Mohamad Midani ’12, ’16 Receives a 2022 Distinguished Young Alumni Award

Committed to innovation and fiber research:

February 23, 2022 | Wilson College Communications
By Kamilah Heslop

It’s almost as if Mohamad Midani ’12, ’16 was born to be in the textile industry. At least that’s what his mother always says. Since the 1960s, his family has run a thriving textile business in Cairo, Egypt, and Midani considered it his calling.

“I grew up around the textile machinery and was amazed with how the fibers are transformed into textile goods,” he says. “Whenever I would go shopping, I’d read the fiber composition in the garment labels and observe the structure of different items.”

In 2010, Midani’s passion led him to NC State to study at the only college in the United States devoted entirely to textiles.

“I was drawn to the Wilson College because of its world-class faculty and focus on innovation and research excellence,” Midani shares. “Besides having access to endless career and personal development opportunities.”

After graduating in 2012 with a master’s degree in textile and apparel, technology and management and in 2016 with a doctorate in fiber and polymer science, Midani returned to Egypt to serve as an assistant professor of materials engineering at the German University in Cairo.

Three years later, he teamed up with fellow NC State textile graduates, Ahmed Hassanin ’11 and Tamer Hamouda ’12, to merge their passion for innovative textiles and composite solutions into an international consulting force: inTEXive. Midani serves as the managing partner of the multidisciplinary firm.

“We started offering textile-related professional education programs, which provided industry professionals with the technical knowledge needed to upgrade the local textile sector,” he says.

Midani’s firm also gives tailored consultation support to textile companies and assists them with diversifying their product portfolios. One of his firm’s most successful projects was the launch of the Giza-Protect yarn, an inherently flame-retardant Egyptian cotton yarn blend developed in partnership with Egypt’s largest producer and exporter of fine cotton yarns.

 


Mohamad Midani ’12,’16 spent time with Dean David Hinks during a reception in 2016 for Wilson College graduates.

In 2020, Midani’s connection to NC State was reignited when he was named an adjunct assistant professor in the Wilson College of Textiles. This appointment, which was spearheaded by his former advisor and mentor Professor Abdel-Fattah Seyam, allowed Midani to share his expertise on natural fibers and their composites by collaborating in research projects and publications as well as supervising graduate students. Midani’s passion for natural fibers led to his latest endeavor — which has a direct connection to his country of origin and surrounding areas.

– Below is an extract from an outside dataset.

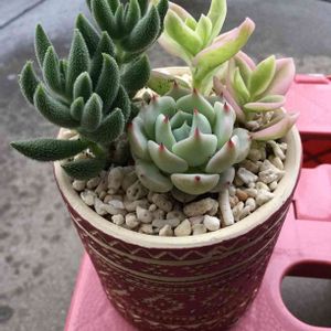 ベルム🌸開花の お知らせをいただき あまりの可愛さに ゲット💕 奥の ツメレンゲさんも 一緒に 捕獲〜🌱🌱 一寸の鉢にギューッと詰まってました🤗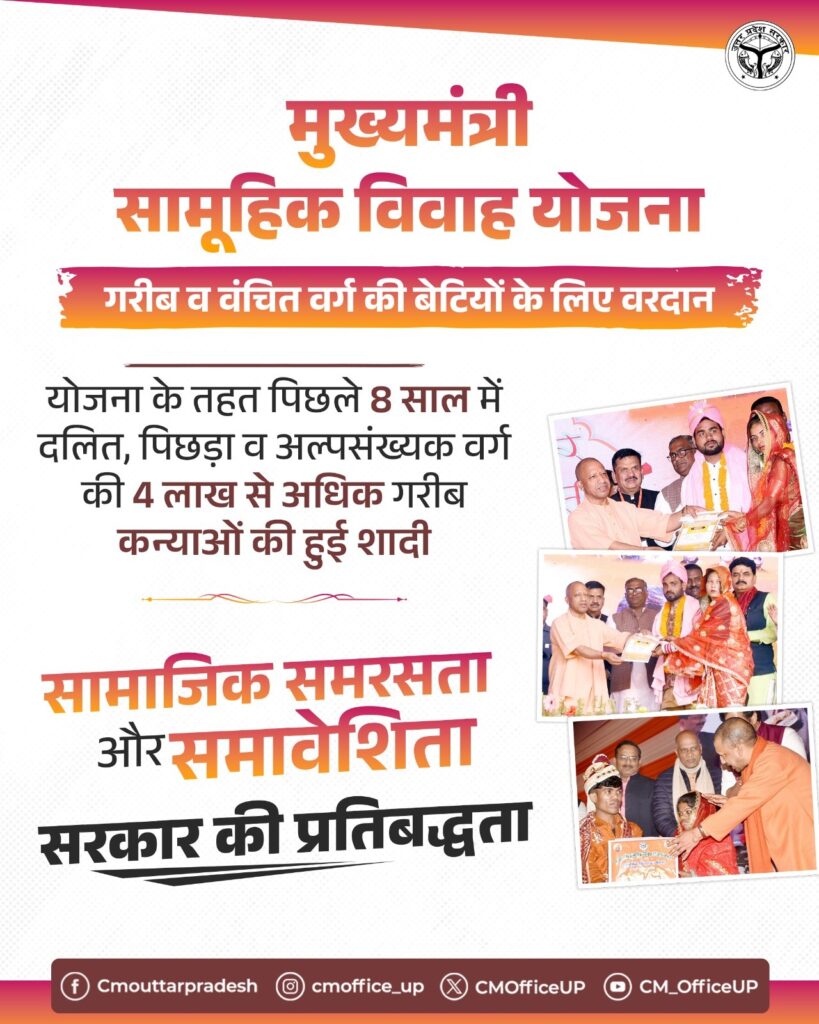 मुख्यमंत्री सामूहिक विवाह योजना उत्तर प्रदेश सरकार की एक संवेदनशील और सराहनीय पहल है, जिसका उद्देश्य आर्थिक रूप से कमजोर परिवारों की बेटियों का विवाह सम्मान, सरलता और सहयोग के साथ संपन्न कराना है। यह योजना न केवल आर्थिक सहायता देती है, बल्कि समाज में समानता और दहेज-मुक्त विवाह की सोच को भी मजबूती देती है।

He explained that in the Middle East and Northern Africa, the pruning of date palm trees typically generates an overflow of waste. That’s where his invention, PalmFil, comes in. This innovative solution converts that agricultural residue into natural textile fibers and reinforcements that can be used in car door panels, floor coverings, paper currency and even surf boards.

Honored for his lifelong passion and innovative accomplishments

On Feb. 9, Midani was named an esteemed recipient of the Wilson College of Textiles’ 2022 Distinguished Young Alumni Award.

Established in 2021 by the Dean’s Young Alumni Leadership Council (DYALC), the Distinguished Young Alumni Award program recognizes graduates under the age of 40 who have made significant contributions to the textile industry and their communities. The DYALC works to promote the Wilson College of Textiles and the college’s fundraising arm, the North Carolina Textile Foundation, along with fostering continued engagement among young alumni.

Award winners are selected based on their professional achievements, alignment with the college’s core values, service to the industry, community involvement and entrepreneurship.

“Mohamad’s innovative and collaborative research on fibers from date palms promotes sustainability and will improve the lives of so many,” says Professor Seyam, who serves as the head of the Department of Textile and Apparel, Technology and Management.

“As an excellent citizen of the world, Mohamad is very deserving of this honor.”

After learning he had been named a Distinguished Young Alumni Award recipient, Midani shared his own exciting news: a United Kingdom-based holdings company, Scaleup Innovations Holdings, will be partnering with his firm to scale up his PalmFil technology, and they will begin building their pilot plant this summer.

After his Ph.D. defense, Mohamad Midani ’12,’16 was pictured with his advisory committee, from left to right: Associate Professor Kavita Mathur, Professor Emeritus William Oxenham, Department Head Abdel-Fattah Seyam, Professor Mohamed Bourham and Associate Professor Mark Pankow.